# Check for the convergence or divergence of the following series

1. Oct 4, 2013

### freshman2013

1. The problem statement, all variables and given/known data
Here are some series I'm completely stuck on.
1.sqrt(n)*(1-cos(1/n))

2. a series in which if n is odd, then an is 1/(n+$\sqrt[]{n}$) while if n is even, then an is -1/n

2. Relevant equations

3. The attempt at a solution
For 1., I tried integral test which seemed impossible to integrate, and then I tried comparison test but i can't find anything to compare to

For 2. I thought that as n approaches infinity for 1/(n+$\sqrt[]{n}$), which equals (1/$\sqrt{n}$)/($\sqrt{n}$+1), then that expression pretty much looks like 1/n and thus the series is approx (-1)^n/n and is thus conditionally convergent like (-1)^n/n. But I then realized perhaps you can't apply the alternating series test since in the original series, the abs value of it is not decreasing for every term.E.g.1/(100+root(100))=1/110 < 1/101 Anyone have any idea on how to tackle this, or am I right from my original attempt?

Last edited: Oct 4, 2013
2. Oct 4, 2013

### Zondrina

Your series is: $\sum_{n=1}^{∞} \sqrt{n} - \sqrt{n}cos(\frac{1}{n})$

I know this may seem misleading, but this series appears to converge.

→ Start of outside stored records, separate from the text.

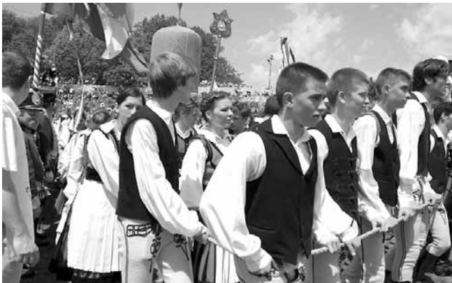
A kordon a labarummal. A legkiválóbb székely diákok kiváltsága: a Kegyetemplomból a Somlyó-heggyre felvinni az ősi szimbólumot
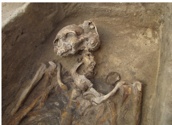
Ryc. 16. Grób nr 13 – zbliżenie czaszki z przedmiotem metalowym w okolicy barku

Obiekt 126, szkielet 13; lokalizacja: wykop IV
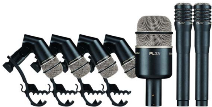
写真 : PL DK7 ドラムキット ¥102,900 税込(¥98,000 税抜)
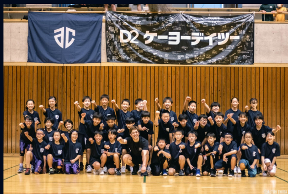
22年8月12日 大網白里市 開催
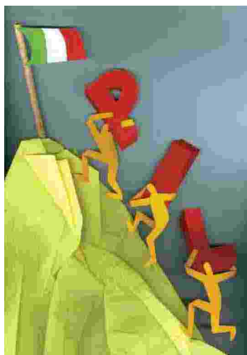
Illustrazione di Gianni Chiostrì
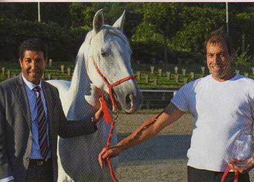
Berberstute Mirza
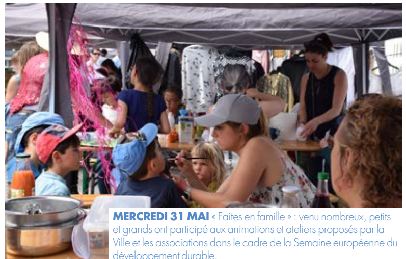
MERCREDI 31 MAI « Faites en famille » : venu nombreux, petits et grands ont participé aux animations et ateliers proposés par la Ville et les associations dans le cadre de la Semaine européenne du développement durable.
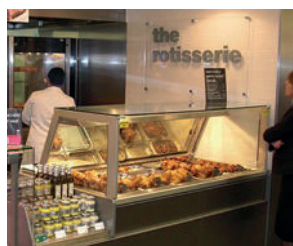
Hot Deli Square
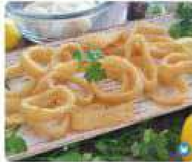
20. CALAMARES A LA ANDALUZA Squids at "Andaluza" style 9,95€
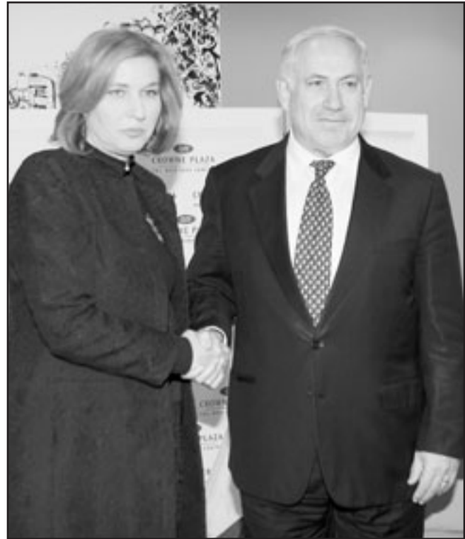
تنتياهو لدى لقائه ليفني الجمعة
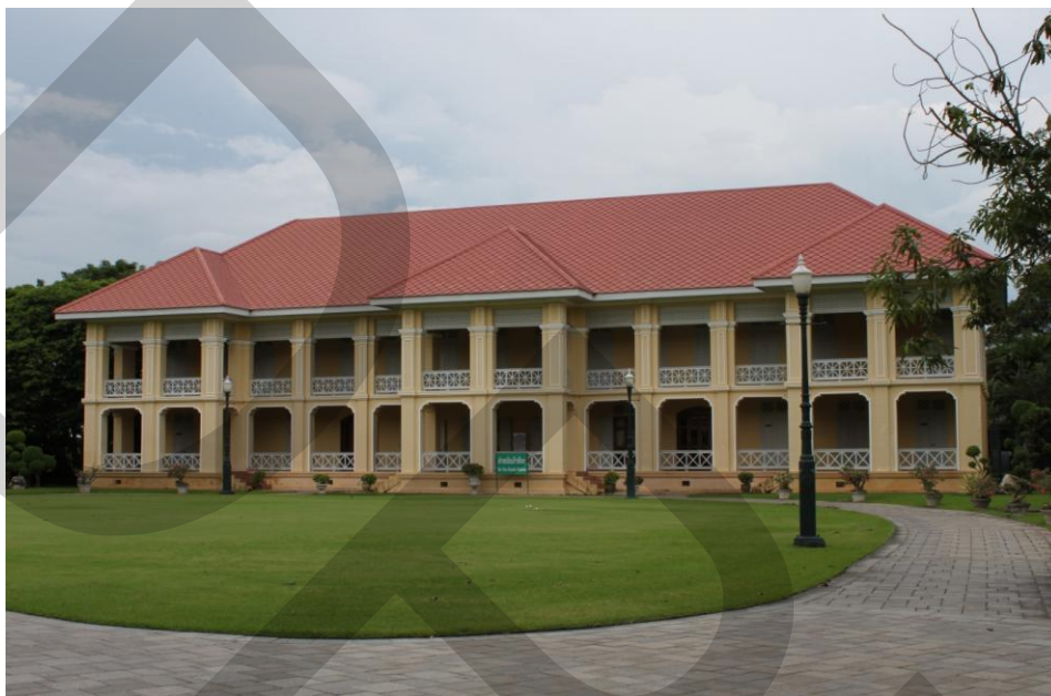
ภาพที่ 2.14 ตำหนักเก้าห้อง

2416 ได้ถวายตัวรับราชการฝ่ายในเป็นเจ้าจอมในพระบาทสมเด็จพระจุลจอมเกล้าเจ้าอยู่หัว ทรงมีพระราชธิดา 1 พระองค์ ทรงพระนามว่า พระเจ้าลูกเธอ พระองค์เจ้าวิมลนาคนพิลี ประชวร และสิ้นพระชนม์เมื่อพระชนมายุได้เพียง 4 พรรษา
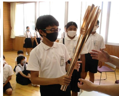
オリンピック聖火トーチ
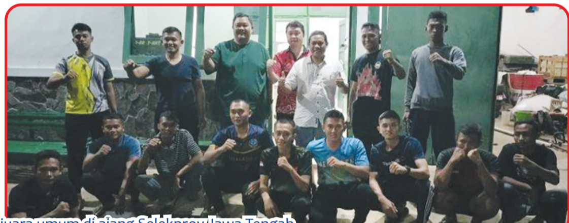
Para pengurus Yayasan NuS dan NUS Business School Alumni Jakarta Chapter dan undangan berfoto bersama.
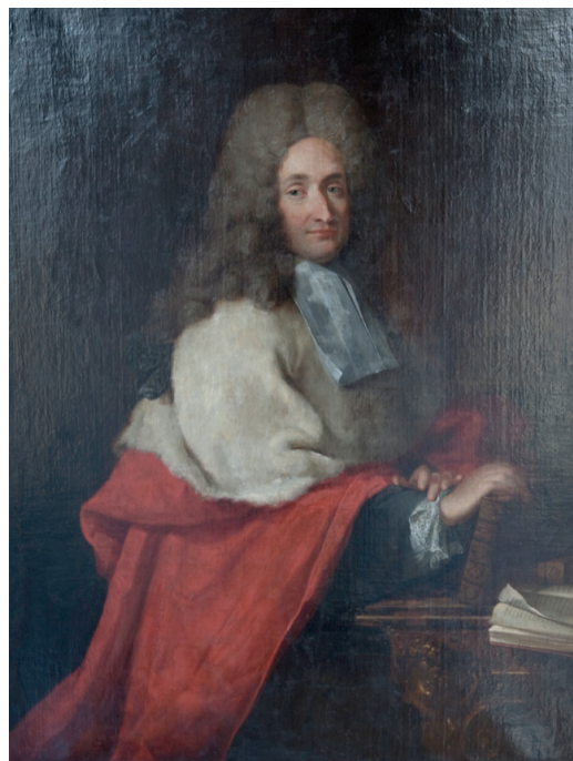
Fig. 5. Portrait de Nicolas de Lamoignon.
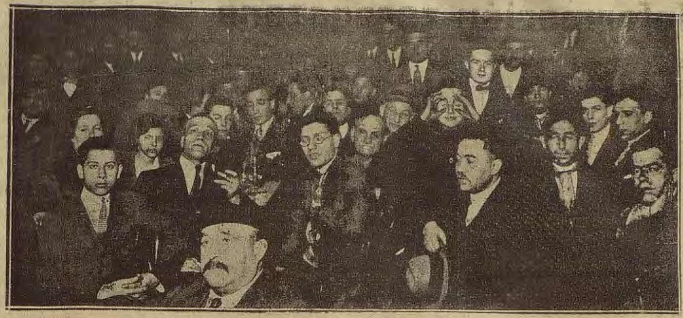
EL ANIVERSARIO DE LA PROCLAMACION DE LA REPUBLICA EN ESPANA.—Un aspecto del salón del Centro republicano de la calle de los Estebanes durante la fiesta conmemorativa celebrada anteanochir
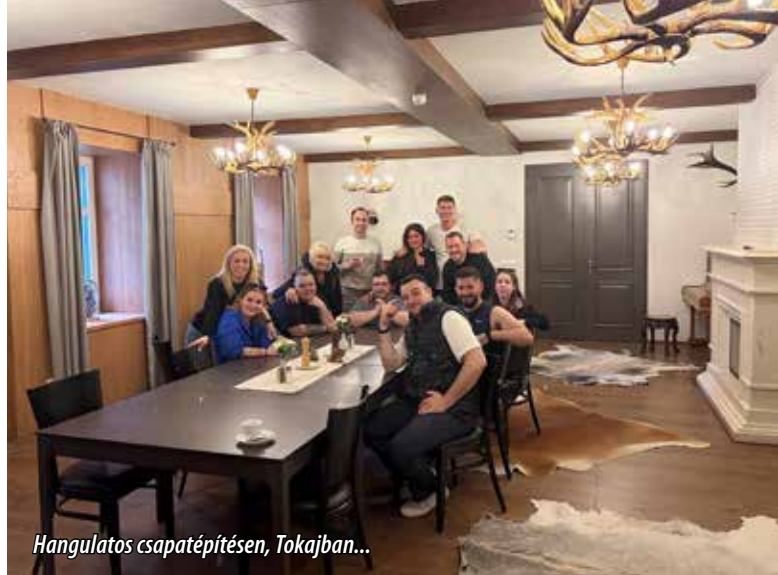
Hangulatos csapatépítésen, Tokajban...

- Mi mindig is törekedtük arra, hogy ne csak jót egyenek-igyanak a hozzánk betérők, hanem egy kicsit úgy érezzék magukat, mintha egy családi ebédre, vacsorára érkeztek volna. Legalább ennyire fontos, hogy a finom ételek mellett a kiszolgálás is profi legyen, ezáltal a vendégek egy hangulatos légkörben élvezhetik a nálunk töltött időt. Családbarát hely vagyunk , a felnőttek mellett gondolunk a gyerekek időtöltésére is, akik hamar elunják az asztal melletti ücsörgést. Erre válaszuk: kialakítottunk számukra egy játszósarkot, hogy a szülők nyugodt környezetben tölthessék el azt a pár órát, amíg nálunk vannak.
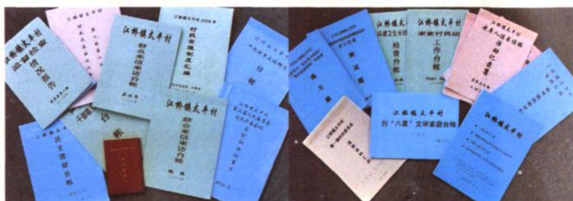
太平村民主管理工作台账
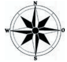
Rose des vents

Hint: $|cos(\frac{1}{n})| ≤ 1$

3. Oct 4, 2013

### haruspex

Yes, it converges, but you need to use a stronger fact about cos of small angles. Freshman2013, do you know the Taylor expansion of cos?

4. Oct 4, 2013

### jbunniii

For the first problem, this trig identity may be useful: $2\sin^2(x) = 1 - \cos(2x)$.

5. Oct 4, 2013

### jbunniii

For problem 2, try adding $a_n$ and $a_{n+1}$, where $n$ is odd.

6. Oct 4, 2013

### freshman2013

so for the second one, could I do this:
the first term 1/(n+$\sqrt{n}$) for all odd n, I rewrite as a separate series 1/(2n-1+$\sqrt{2n-1}$) and the 2nd term -1/n for all even n I rewrite as -1/(2n)

I combine those two series and I get (1-$\sqrt{2n-1}$)/(4n^2-2n+2n$\sqrt{2n-1}$) and test for that(which is convergent). And I do the same except with 1/2n instead -1/2n to check for absolute convergence.

7. Oct 4, 2013

### jbunniii

For absolute convergence, you can do something simpler. I claim that if there is some subsequence $(n_k)_{k=1}^{\infty}$ such that $\sum_{k=1}^{\infty} |a_{n_k}|$ diverges, then $\sum_{n=1}^{\infty} |a_n|$ must also diverge. If you can prove this, then you can apply it immediately to your series.